### Exercise
Everything in the data below is left aside except the lines from the one containing "Pressure regulator with" through the one containing "Renovated Learning Commons study areas."; repeat those exactly.

### Available data
Segment Open

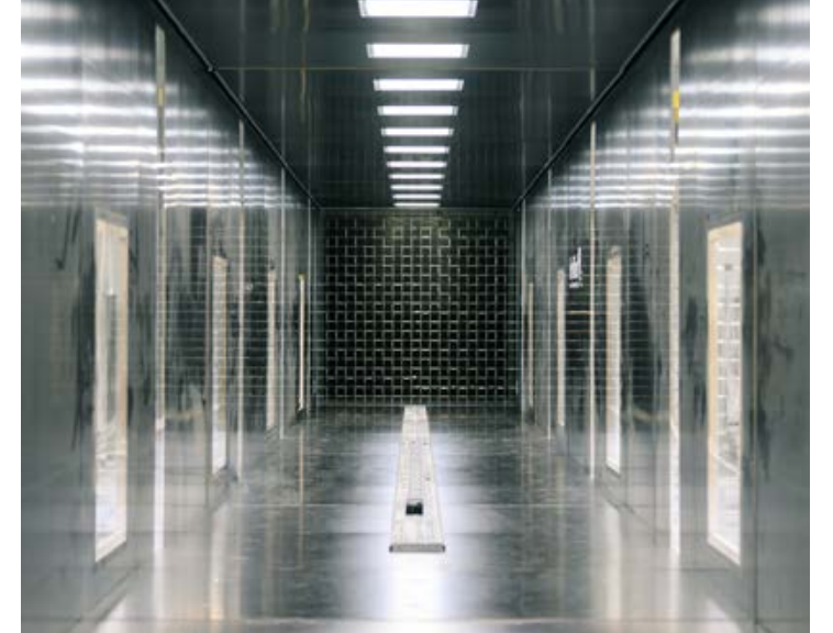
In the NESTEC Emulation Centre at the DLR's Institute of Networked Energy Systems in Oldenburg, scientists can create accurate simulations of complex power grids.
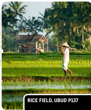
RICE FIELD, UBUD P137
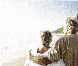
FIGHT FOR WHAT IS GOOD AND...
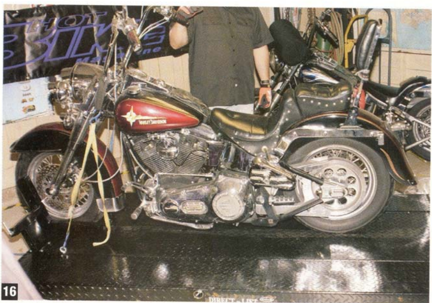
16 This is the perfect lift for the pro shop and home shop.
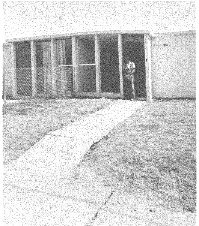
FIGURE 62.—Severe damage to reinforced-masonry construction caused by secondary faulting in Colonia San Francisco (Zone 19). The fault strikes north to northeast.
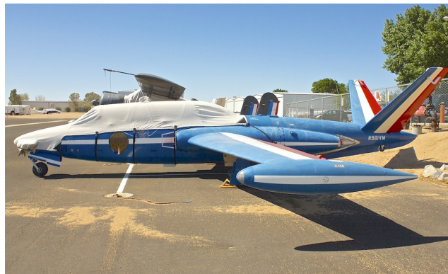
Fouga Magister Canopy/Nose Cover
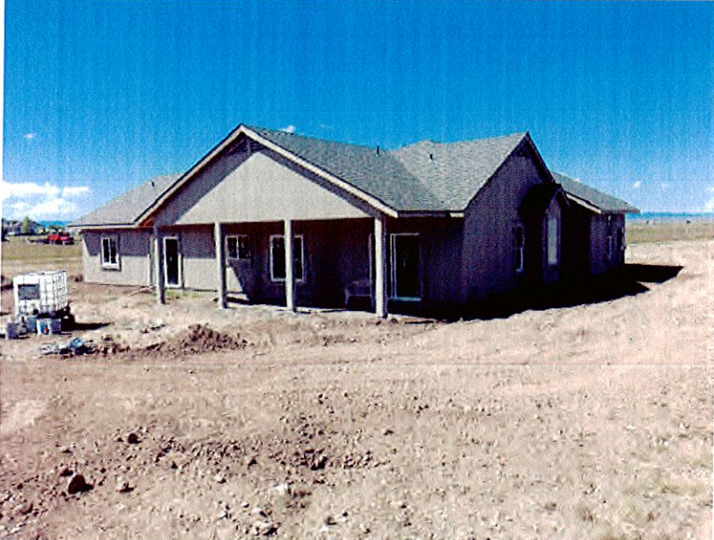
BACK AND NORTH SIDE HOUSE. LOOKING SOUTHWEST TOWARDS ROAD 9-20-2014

Segment Closed
Segment Open

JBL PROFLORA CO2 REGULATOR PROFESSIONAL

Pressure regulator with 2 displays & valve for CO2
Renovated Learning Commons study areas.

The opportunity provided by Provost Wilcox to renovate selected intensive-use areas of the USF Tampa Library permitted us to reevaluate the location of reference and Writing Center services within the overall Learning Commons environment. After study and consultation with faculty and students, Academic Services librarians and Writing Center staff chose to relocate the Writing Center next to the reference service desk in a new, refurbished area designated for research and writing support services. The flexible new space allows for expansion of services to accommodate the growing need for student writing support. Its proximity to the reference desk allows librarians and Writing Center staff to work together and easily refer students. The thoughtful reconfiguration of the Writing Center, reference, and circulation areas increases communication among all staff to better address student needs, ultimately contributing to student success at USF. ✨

Segment Closed
Segment Open

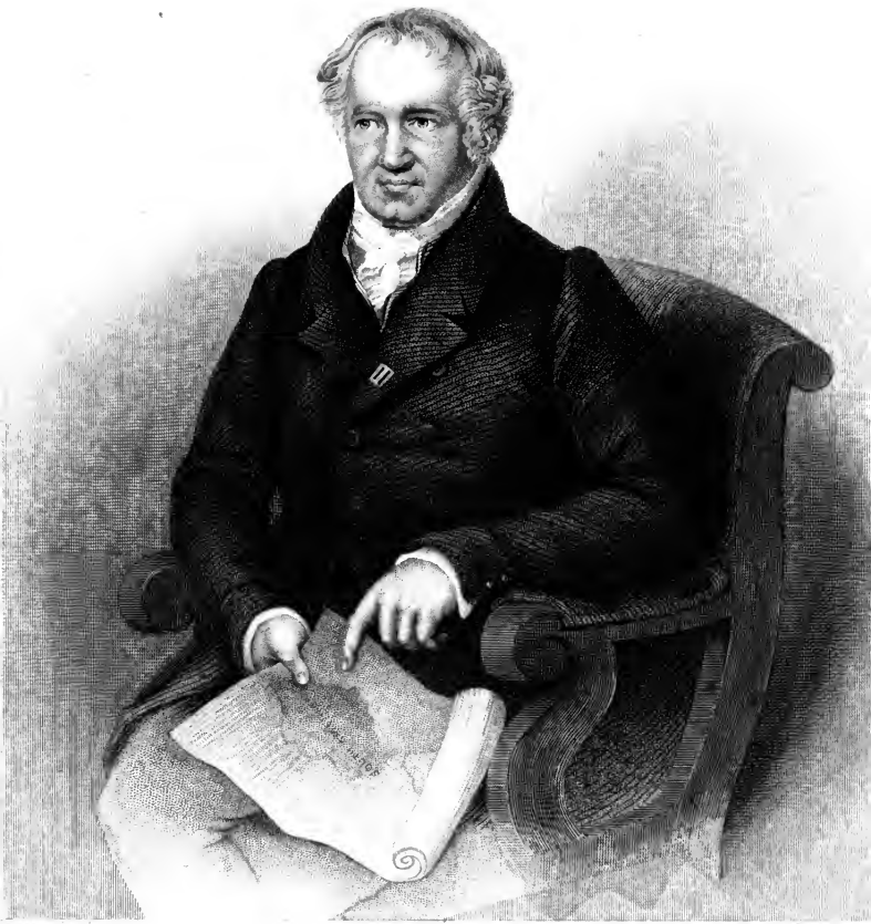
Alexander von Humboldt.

Segment Closed

### Solution for this task
Pressure regulator with 2 displays & valve for CO2
Renovated Learning Commons study areas.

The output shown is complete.